# Assigned task
Only one span of the listing below is wanted: the lines from the one with "- On the Usage Data, Click Next." through the one with "Chave De Impacto", reproduced exactly, both ends kept.

Information given START

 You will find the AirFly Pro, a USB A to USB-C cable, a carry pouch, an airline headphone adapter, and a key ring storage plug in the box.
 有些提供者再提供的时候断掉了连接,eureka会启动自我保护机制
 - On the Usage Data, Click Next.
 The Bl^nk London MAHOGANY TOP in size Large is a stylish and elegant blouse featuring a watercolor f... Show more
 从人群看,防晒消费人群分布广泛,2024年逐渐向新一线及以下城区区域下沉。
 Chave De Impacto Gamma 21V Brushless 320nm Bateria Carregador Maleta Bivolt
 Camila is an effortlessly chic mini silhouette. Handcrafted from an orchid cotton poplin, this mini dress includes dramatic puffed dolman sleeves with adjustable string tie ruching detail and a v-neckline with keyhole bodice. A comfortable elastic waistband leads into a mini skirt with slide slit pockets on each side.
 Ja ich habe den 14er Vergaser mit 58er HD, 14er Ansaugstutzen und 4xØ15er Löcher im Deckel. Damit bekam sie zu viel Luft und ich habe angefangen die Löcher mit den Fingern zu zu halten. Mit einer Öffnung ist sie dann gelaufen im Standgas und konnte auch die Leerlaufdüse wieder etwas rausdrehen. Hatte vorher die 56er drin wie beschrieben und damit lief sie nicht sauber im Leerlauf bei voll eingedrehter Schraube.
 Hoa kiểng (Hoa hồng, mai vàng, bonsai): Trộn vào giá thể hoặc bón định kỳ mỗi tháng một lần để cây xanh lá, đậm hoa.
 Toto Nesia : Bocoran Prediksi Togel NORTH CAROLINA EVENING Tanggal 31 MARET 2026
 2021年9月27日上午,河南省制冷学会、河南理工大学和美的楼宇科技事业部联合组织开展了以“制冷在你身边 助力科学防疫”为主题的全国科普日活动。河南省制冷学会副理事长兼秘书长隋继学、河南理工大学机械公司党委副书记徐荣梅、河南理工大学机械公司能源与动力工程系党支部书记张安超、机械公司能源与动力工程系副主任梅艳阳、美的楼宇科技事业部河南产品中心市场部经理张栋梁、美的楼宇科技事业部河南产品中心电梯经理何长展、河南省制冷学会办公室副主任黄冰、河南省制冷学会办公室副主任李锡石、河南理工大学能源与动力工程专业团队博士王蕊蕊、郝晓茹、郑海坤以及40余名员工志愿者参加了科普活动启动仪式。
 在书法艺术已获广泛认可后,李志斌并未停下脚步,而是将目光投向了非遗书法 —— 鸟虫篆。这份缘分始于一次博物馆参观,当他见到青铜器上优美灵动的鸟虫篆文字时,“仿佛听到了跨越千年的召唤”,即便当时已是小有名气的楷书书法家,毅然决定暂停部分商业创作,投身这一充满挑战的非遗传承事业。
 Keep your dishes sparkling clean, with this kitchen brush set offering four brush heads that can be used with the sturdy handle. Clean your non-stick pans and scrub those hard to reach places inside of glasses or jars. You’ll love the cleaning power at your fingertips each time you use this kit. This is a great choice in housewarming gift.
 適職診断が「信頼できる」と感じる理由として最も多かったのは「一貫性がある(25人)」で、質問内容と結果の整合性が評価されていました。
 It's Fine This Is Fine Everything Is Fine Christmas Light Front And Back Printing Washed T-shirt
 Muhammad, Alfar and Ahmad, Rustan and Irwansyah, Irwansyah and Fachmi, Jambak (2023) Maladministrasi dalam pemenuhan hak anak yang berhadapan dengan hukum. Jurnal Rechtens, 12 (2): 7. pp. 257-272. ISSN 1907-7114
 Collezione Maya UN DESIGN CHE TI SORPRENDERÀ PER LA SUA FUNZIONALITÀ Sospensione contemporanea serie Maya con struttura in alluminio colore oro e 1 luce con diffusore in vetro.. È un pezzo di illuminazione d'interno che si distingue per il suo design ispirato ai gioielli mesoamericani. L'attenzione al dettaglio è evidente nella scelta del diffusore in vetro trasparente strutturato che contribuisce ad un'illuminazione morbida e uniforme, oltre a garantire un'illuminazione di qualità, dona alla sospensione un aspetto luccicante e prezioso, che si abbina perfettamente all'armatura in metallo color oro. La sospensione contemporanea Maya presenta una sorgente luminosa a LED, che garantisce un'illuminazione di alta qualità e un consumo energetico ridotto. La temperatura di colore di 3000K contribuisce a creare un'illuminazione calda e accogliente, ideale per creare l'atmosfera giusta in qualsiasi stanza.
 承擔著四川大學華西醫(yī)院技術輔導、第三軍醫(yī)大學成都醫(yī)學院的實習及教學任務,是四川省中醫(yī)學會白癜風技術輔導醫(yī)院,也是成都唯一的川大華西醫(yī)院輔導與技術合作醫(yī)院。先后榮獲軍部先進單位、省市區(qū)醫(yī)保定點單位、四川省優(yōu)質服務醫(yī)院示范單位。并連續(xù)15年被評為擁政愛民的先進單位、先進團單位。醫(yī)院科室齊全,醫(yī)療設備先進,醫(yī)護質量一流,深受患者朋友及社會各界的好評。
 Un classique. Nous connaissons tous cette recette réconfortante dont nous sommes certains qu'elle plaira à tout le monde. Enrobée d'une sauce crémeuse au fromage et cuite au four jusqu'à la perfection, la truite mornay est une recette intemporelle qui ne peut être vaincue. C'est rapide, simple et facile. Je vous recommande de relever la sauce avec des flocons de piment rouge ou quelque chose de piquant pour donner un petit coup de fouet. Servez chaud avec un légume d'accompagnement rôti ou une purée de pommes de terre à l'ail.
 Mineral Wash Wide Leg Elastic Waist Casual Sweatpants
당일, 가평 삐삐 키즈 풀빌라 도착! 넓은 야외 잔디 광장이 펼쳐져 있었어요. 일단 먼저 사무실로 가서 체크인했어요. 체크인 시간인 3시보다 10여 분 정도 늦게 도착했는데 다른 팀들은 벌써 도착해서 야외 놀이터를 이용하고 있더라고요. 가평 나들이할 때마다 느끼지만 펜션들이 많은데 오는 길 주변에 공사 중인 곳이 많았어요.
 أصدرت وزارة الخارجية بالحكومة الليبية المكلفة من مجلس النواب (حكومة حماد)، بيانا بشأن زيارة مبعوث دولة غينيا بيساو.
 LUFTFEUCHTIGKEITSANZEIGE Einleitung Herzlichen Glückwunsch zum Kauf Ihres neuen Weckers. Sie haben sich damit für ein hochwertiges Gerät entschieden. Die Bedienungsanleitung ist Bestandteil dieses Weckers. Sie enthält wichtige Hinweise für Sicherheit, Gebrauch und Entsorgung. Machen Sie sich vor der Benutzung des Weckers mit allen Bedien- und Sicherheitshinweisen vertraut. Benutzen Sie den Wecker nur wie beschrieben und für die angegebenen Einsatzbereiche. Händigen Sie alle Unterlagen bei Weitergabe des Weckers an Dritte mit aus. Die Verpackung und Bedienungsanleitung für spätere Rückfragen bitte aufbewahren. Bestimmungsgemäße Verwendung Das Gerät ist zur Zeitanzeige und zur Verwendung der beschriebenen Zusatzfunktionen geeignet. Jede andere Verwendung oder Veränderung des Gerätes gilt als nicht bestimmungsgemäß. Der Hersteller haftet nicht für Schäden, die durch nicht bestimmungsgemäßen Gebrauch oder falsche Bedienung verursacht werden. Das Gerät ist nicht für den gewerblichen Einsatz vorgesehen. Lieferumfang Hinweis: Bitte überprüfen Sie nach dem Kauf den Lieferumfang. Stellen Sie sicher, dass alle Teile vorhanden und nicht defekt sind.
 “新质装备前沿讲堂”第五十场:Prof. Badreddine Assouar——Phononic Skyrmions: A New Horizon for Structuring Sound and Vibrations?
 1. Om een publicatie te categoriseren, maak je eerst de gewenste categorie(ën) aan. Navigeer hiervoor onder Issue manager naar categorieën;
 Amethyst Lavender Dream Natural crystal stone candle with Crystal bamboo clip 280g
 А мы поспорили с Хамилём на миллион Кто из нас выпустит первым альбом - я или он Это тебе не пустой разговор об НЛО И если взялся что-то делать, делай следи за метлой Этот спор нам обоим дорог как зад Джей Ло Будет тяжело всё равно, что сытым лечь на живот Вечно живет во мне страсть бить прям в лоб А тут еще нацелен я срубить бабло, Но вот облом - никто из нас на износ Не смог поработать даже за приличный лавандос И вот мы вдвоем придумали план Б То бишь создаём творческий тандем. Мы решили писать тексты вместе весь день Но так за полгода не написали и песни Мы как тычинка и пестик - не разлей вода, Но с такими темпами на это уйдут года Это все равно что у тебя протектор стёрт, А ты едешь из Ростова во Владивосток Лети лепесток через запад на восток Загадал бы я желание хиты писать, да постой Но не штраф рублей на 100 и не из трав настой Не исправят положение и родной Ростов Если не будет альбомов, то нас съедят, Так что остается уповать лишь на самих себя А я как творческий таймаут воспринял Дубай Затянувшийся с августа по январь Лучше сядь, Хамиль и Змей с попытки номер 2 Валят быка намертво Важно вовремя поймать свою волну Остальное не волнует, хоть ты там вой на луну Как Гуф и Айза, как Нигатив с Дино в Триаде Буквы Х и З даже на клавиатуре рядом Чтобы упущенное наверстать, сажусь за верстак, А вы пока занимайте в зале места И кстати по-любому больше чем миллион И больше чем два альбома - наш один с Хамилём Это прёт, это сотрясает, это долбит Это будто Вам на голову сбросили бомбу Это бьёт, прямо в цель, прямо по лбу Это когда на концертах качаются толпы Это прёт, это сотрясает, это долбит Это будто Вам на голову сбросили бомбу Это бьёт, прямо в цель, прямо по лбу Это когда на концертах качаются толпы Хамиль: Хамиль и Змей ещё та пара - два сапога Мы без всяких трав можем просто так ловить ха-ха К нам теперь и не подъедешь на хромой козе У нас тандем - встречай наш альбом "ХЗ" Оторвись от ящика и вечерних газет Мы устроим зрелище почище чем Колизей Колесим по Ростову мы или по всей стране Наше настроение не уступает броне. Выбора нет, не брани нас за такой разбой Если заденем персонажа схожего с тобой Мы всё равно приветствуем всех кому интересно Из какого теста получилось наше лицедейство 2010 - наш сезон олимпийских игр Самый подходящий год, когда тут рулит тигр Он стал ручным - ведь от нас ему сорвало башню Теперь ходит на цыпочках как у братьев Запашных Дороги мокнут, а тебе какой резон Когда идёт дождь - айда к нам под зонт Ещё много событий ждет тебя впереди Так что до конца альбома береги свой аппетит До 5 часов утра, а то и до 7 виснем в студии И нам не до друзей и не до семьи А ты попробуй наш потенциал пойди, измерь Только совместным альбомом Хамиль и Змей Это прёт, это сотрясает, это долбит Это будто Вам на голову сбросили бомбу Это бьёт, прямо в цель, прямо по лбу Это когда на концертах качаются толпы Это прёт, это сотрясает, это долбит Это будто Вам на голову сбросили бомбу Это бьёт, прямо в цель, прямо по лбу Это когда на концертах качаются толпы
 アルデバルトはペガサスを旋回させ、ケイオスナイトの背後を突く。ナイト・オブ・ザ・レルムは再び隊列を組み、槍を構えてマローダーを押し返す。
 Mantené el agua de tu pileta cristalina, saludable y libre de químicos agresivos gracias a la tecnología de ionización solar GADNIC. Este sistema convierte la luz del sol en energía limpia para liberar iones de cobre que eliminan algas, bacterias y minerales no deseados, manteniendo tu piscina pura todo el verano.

Information given END

# Reply
 - On the Usage Data, Click Next.
 The Bl^nk London MAHOGANY TOP in size Large is a stylish and elegant blouse featuring a watercolor f... Show more
 从人群看,防晒消费人群分布广泛,2024年逐渐向新一线及以下城区区域下沉。
 Chave De Impacto Gamma 21V Brushless 320nm Bateria Carregador Maleta Bivolt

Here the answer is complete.